Pulse has rounded up a list of Nigerian women who have been pushing for gender rights and equality in the arts space in celebration of International Women's Day
International Women's Day is a global day celebrating the social, economic, cultural and political achievements of women.
The day also marks a call to action for accelerating gender parity. This years theme "Press For Progress" focuses on the global gender cap.
With the World Economic Forum's 2017 Global Gender Gap Report findings telling us that gender parity is over 200 years away and there has never been a more important time to keep motivated and actually #PressforProgress.
And with global activism for women's equality fuelled by movements like #MeToo, #TimesUp and more - there is a strong global momentum striving for gender parity.
Pulse has rounded up a list of Nigerian women who have been pressing for progress in the arts and cultural space.
1. Chimamanda Ngozi-Adichie
Adichie is an unrepentant feminist and activist in all rights. The award-winning author has published a short book on feminism, "Dear Ijeawele, Or A Feminist Manifesto In Fifteen Suggestions".
Her essay, We Should All Be Feminists, adapted from her 2013 TEDx talk, has remained on the bestseller lists, particularly in Sweden, where in 2015 it was distributed to every 16-year-old high-school student in the land.
The success of We Should All Be Feminists has made Adichie as prominent for her feminism as for her novels, to the extent that she now gets invited to every damned feminist thing in the whole world.
2. Lola Omolola
Lola Omolola (born August 1, 1976) is a former journalist who founded the Female IN (FIN) group on Facebook.
Lola is the first Nigerian woman who created a place where other women can share their untold stories regarding their sexual abuses, and other challenges they are facing.
Many of the stories speak of a distinctly Nigerian experience that women face. The group was created shortly after the #BeingFemaleinNigeria hashtag trended on Twitter. The online group serves as a means for Nigerian women to express the complexities of their shared struggles. At the moment, the organization is using its very powerful platform to investigate the disappearance of Charity Aiyedogbon a woman who went missing in May 2016.
3. Nnedi Okorafor
Nnedimma Nkemdili Okorafor is a Nigerian-American writer of fantasy and science fiction for both children and adults.
Her work often looks at "weighty social issues: racial and gender inequality, political violence, the destruction of the environment, genocide and corruption" through "the framework of fantasy."

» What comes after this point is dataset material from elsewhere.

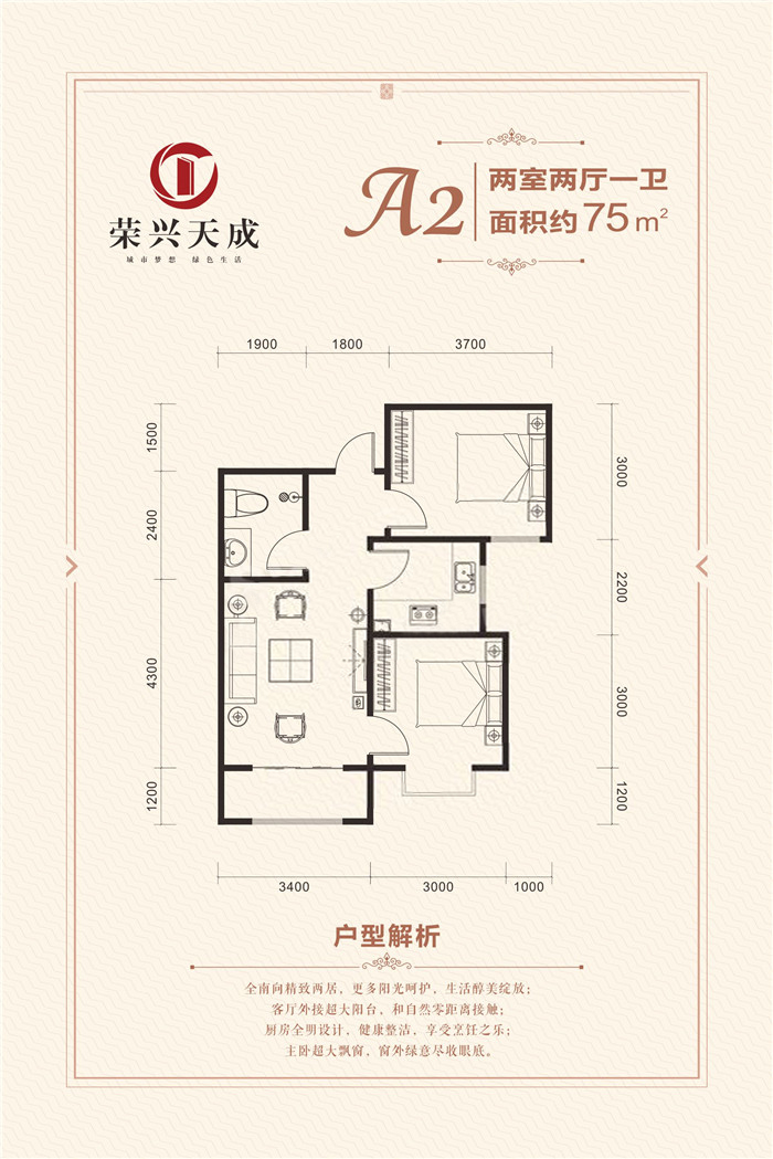 2室2厅1卫-A2两室两厅一卫75㎡户型
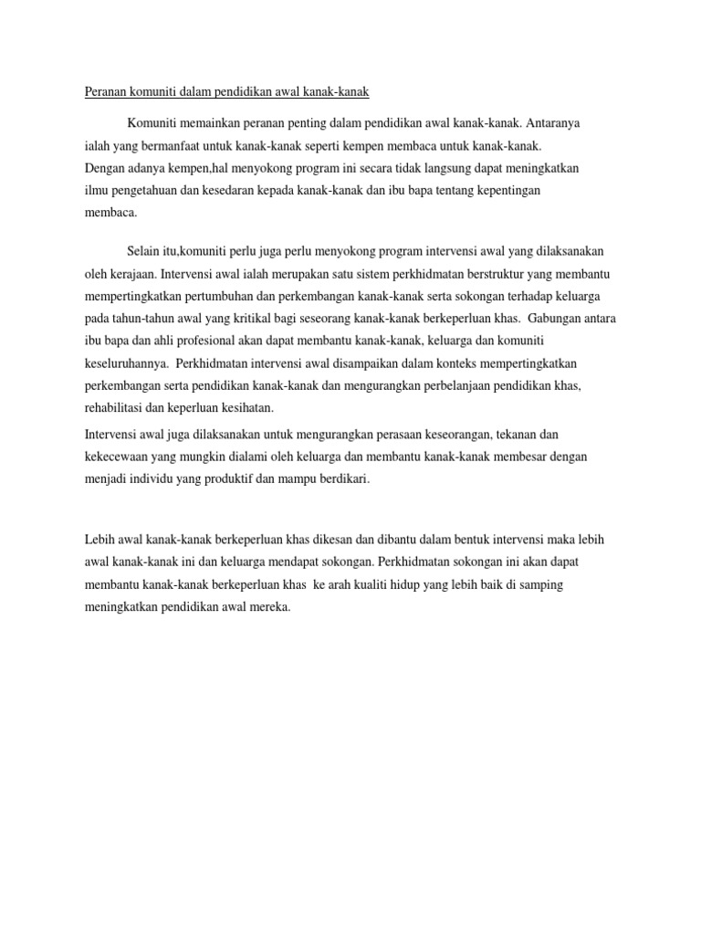 Peranan komuniti dalam pendidikan awal kanak kanak. Perkembangan program pendidikan awal kanak kanak wednesday may 2 2012. Mengiring dan mengawasi murid dalam program lawatan dan aktiviti akiviti luar kelas yang lain. Penglibatan ibu bapa dalam aktiviti pembelajaran kanak kanak sangat mempengaruhi. Unit ini berperanan bagi menyediakan program dan latihan dalam pendidikan khas untuk guru guru sekolah rendah dan sekolah menengah.

Okorafor shares that while the themes of her stories are often multi-layered they are always grounded in "stories of the women and girls around me and also within myself.

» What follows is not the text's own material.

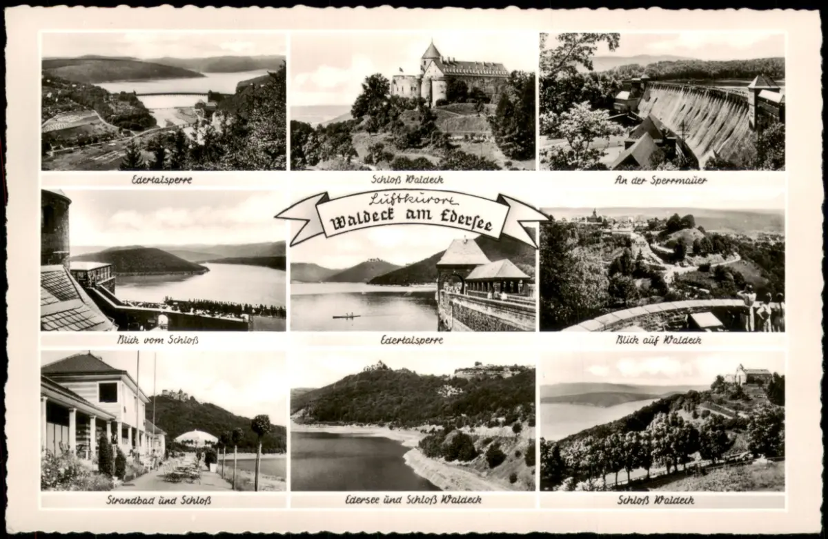 Waldeck Edersee Mehrbild-AK mit Edertalsperre Strandbad und Schloß uvm. 1950

Okorafor received a 2001 Hurston-Wright literary award for her story "Amphibious Green" and her short stories have been published in anthologies and magazines, including Dark Matter: Reading The Bones, Enkare Review, Strange Horizons, Moondance magazine, and Writers of the Future Volume XVIII.
Okorafor's novels and stories reflect both her West African heritage and her American life. Rather than identifying as Nigerian-American, Okorafor refers to herself as "Nigamerican" and explains the importance of her dual heritage during a 2016 NPR interview.
4. Peju Alatise
Peju Alatise is an artist and an activist. A sculptor, painter, architect and a storyteller, Alatise uses her art to reflect on societies maladies.
Her sculpture "Nine Year Old Bride" was an installation meant to address womenʼs rights. A looming four meters high by two meters wide, the sculpture was covered with thirty-eight meters of fabric, draped and wound, to reveal female forms frozen in resin.
Peju also teamed up with Art Twenty One Lagos and solicitor Edward Keazor to raise awareness of child abuse in a campaign called Child Not Bride.
5. Lola Shoneyin
Lola Shoneyin is a Nigerian poet and author who launched her debut novel, "The Secret Lives of Baba Segi's Wives", in the UK in May 2010. Shoneyin has forged a reputation as an adventurous, humorous and outspoken feminist. The award-winning author is also the organiser of Ake Books and Art Festival.
Early examples of her work appeared in Post Express in 1995, which features a short story about a Nigerian woman who leaves her husband for an Austrian woman. This story initiated dialogue about homosexuality within a Nigerian context.
Shoneyin has also written for newspapers, including The Scotsman, The Guardian, and The Times on issues such as racism, Nigeria's tradition of polygamous marriage, the Nigerian terrorist group Boko Haram and the elections of now President Muhammadu Buhari.